Nomura has reiterated its 'Buy' rating on Bharti Airtel and raised its target price to Rs 2,355 from Rs 2,220, citing sustained ARPU growth, strong free cash flow generation and attractive valuations.
The brokerage expects Airtel to deliver 14% EBITDA CAGR and 14% operating free cash flow CAGR over FY26-FY29, supported by an expected tariff hike in the third quarter of FY27, operating leverage and continued premiumisation. It also forecasts around 9% ARPU CAGR for the India mobility business over the period.
"Bharti Airtel is one of India's premium telecom companies, and a structural beneficiary of a consolidated three-player market," Nomura said, adding that the completion of the 5G rollout should allow capital expenditure to moderate, supporting deleveraging through stronger cash flows.
Nomura believes Airtel's valuation remains compelling. It noted that Airtel's India telecom business trades at an implied 9.3x FY28 EV/EBITDA, below the roughly 12.2x implied multiple for Reliance Jio, despite Airtel generating higher ARPU, superior margins and stronger free cash flow. "A premium operator priced at a discount to its main rival, in our view, is unwarranted," the brokerage said.

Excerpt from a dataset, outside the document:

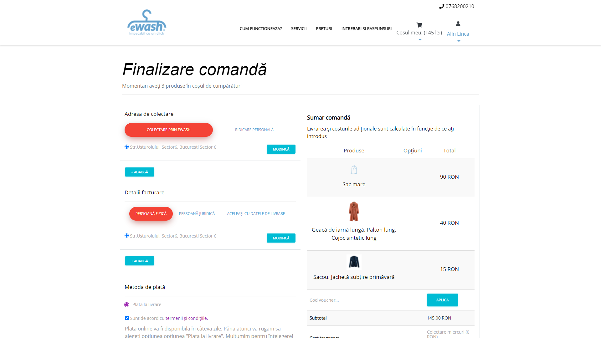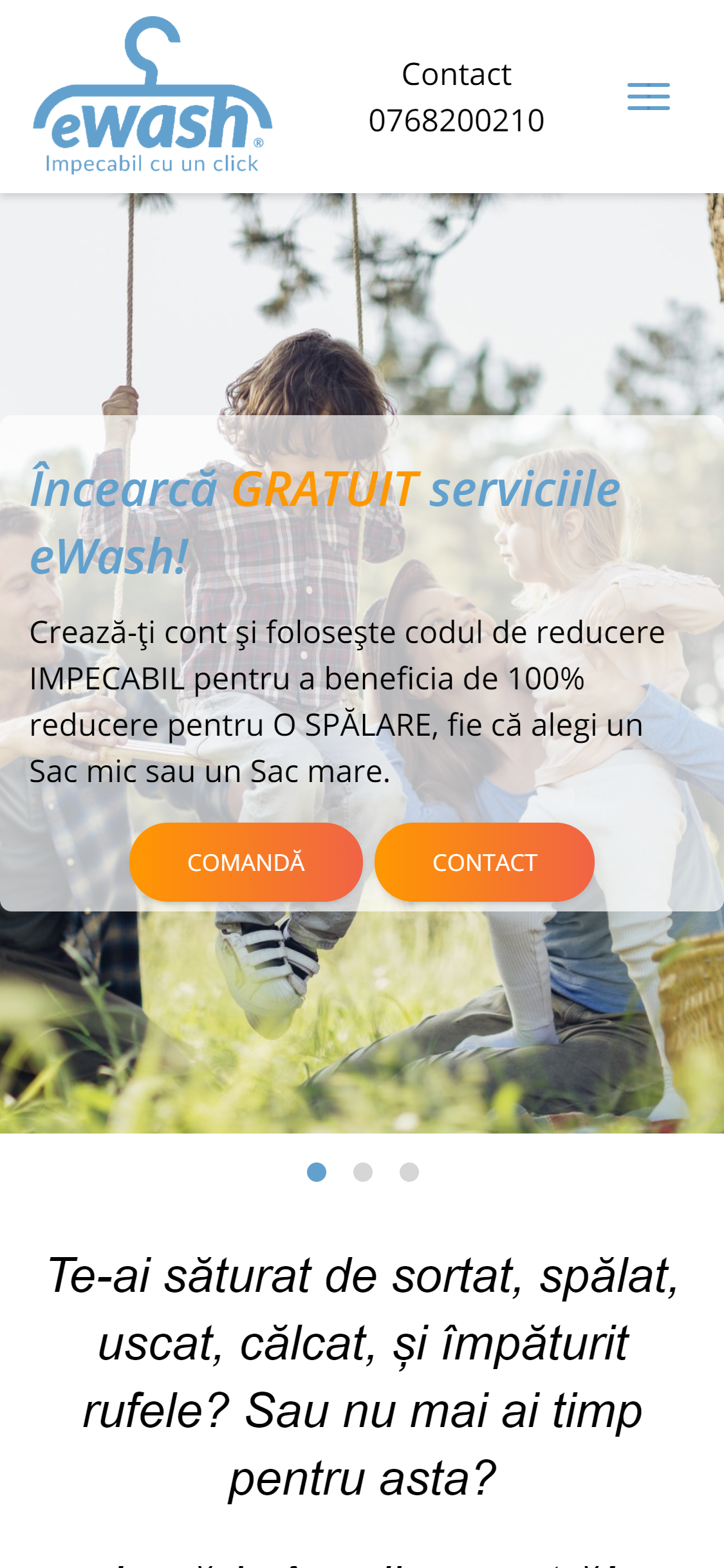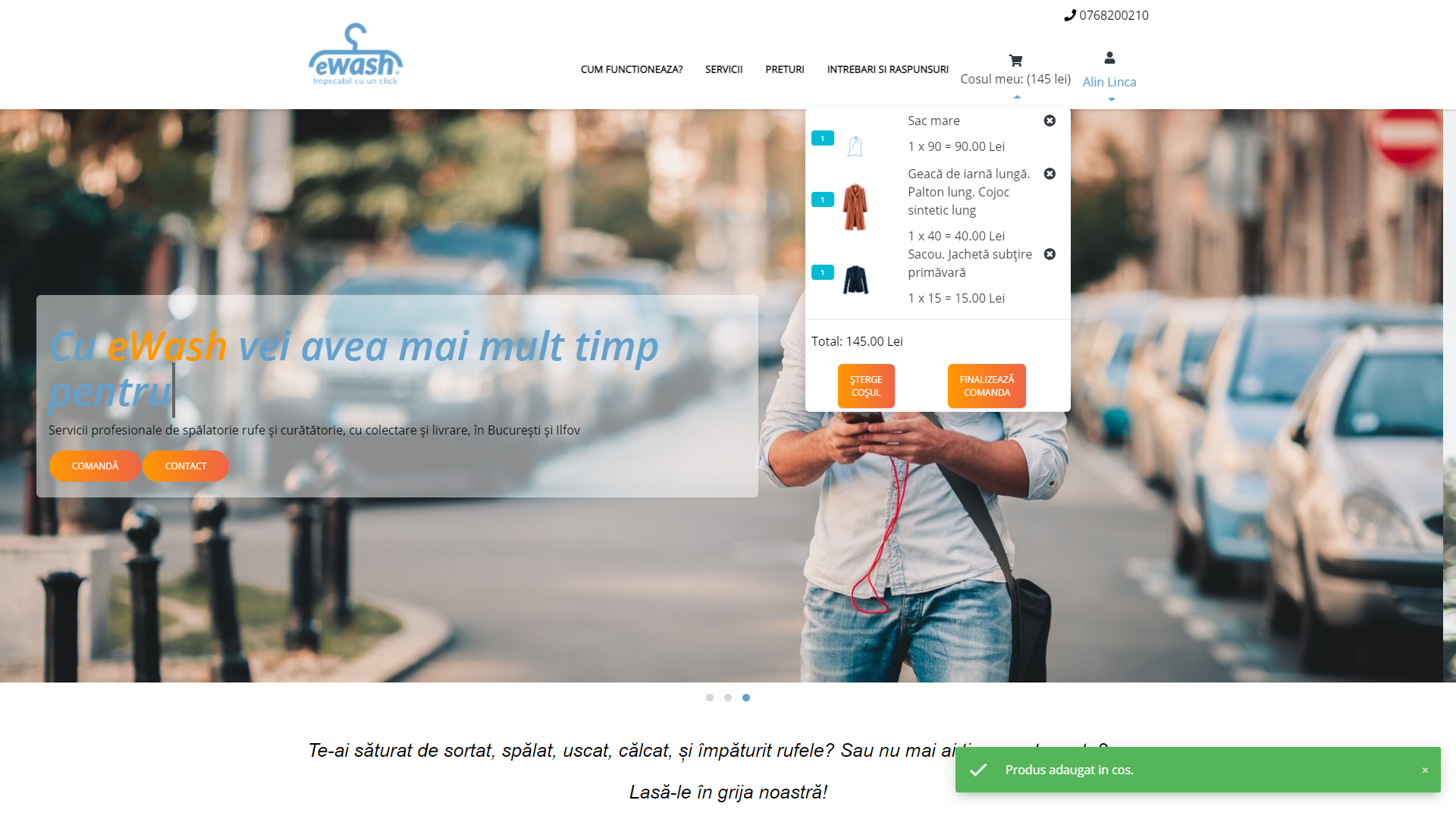 eWash este o platformă e-commerce dedicată serviciilor profesionale de spălătorie și curățătorie, cu preluare și livrare la domiciliu în București și Ilfov. Platforma digitalizează complet procesul de comandă, gestionare și livrare, oferind clienților o experiență simplă, rapidă și eficientă.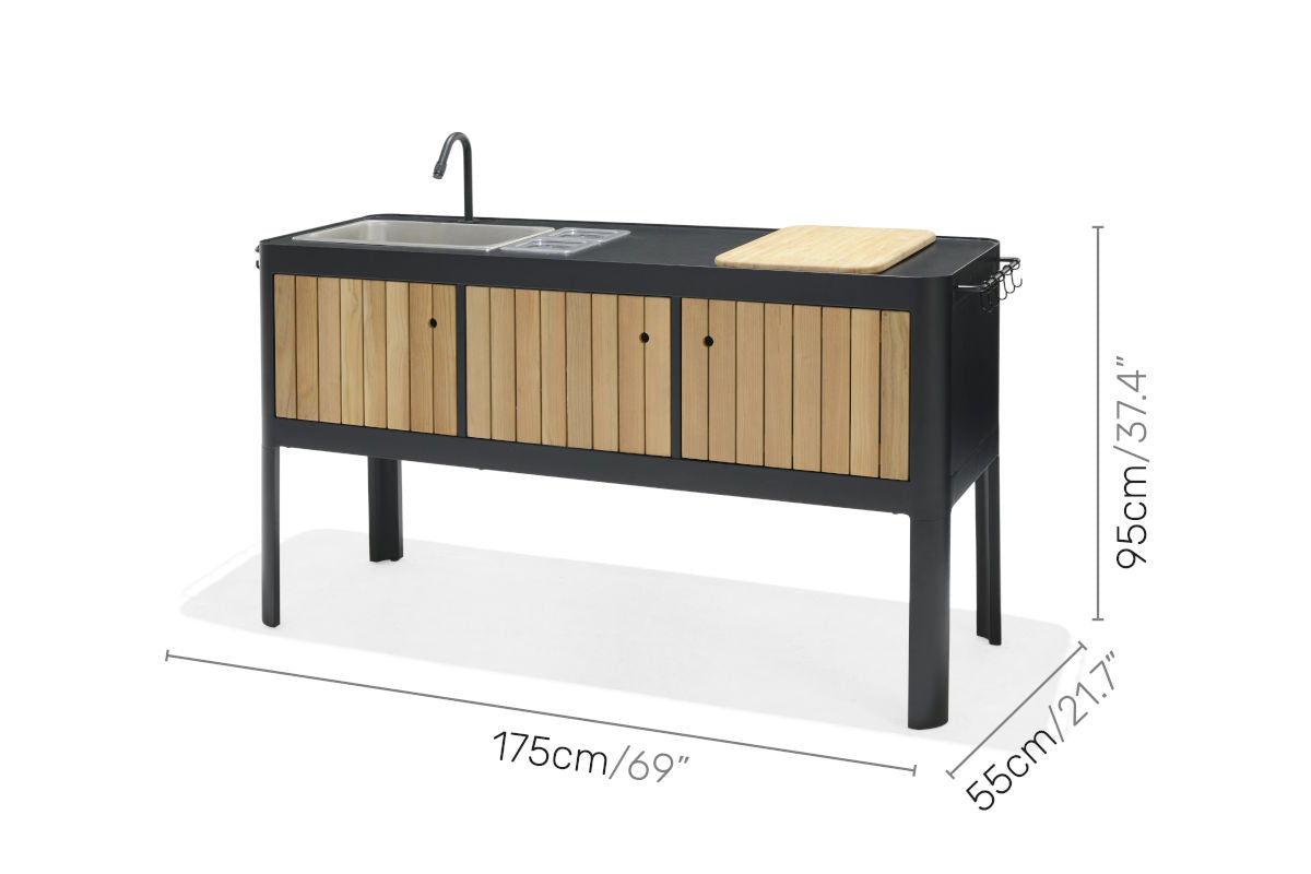 A portable outdoor kitchen made from aluminium and FSC- certified teak components in combination with functionality and elegance. Additionally, it includes a stainless steel sink and FSC cutting board and cover, ready to make your cooking enjoyable and fast. This portable kitchen is a dream come true, giving you full benefit of spending time outside with your family or friends.

The report added that Airtel deserves to trade at a premium to global telecom peers because of India's favourable market structure, a long runway for ARPU expansion and multiple growth opportunities. These include data centres, Airtel Money, lending, cloud services and a rising stake in Indus Towers, while 5G monetisation through fixed wireless access, private networks and network slicing remains at an early stage.
Nomura also expects the regulatory environment to remain supportive of India's three-player telecom market, with the possibility of further relief on licence fees or spectrum usage charges if needed to preserve industry stability.
The brokerage, however, flagged Airtel's 28% foreign institutional investor ownership as a key near-term risk, saying the stock could face outsized selling during periods of global risk aversion even if the company's fundamentals remain intact.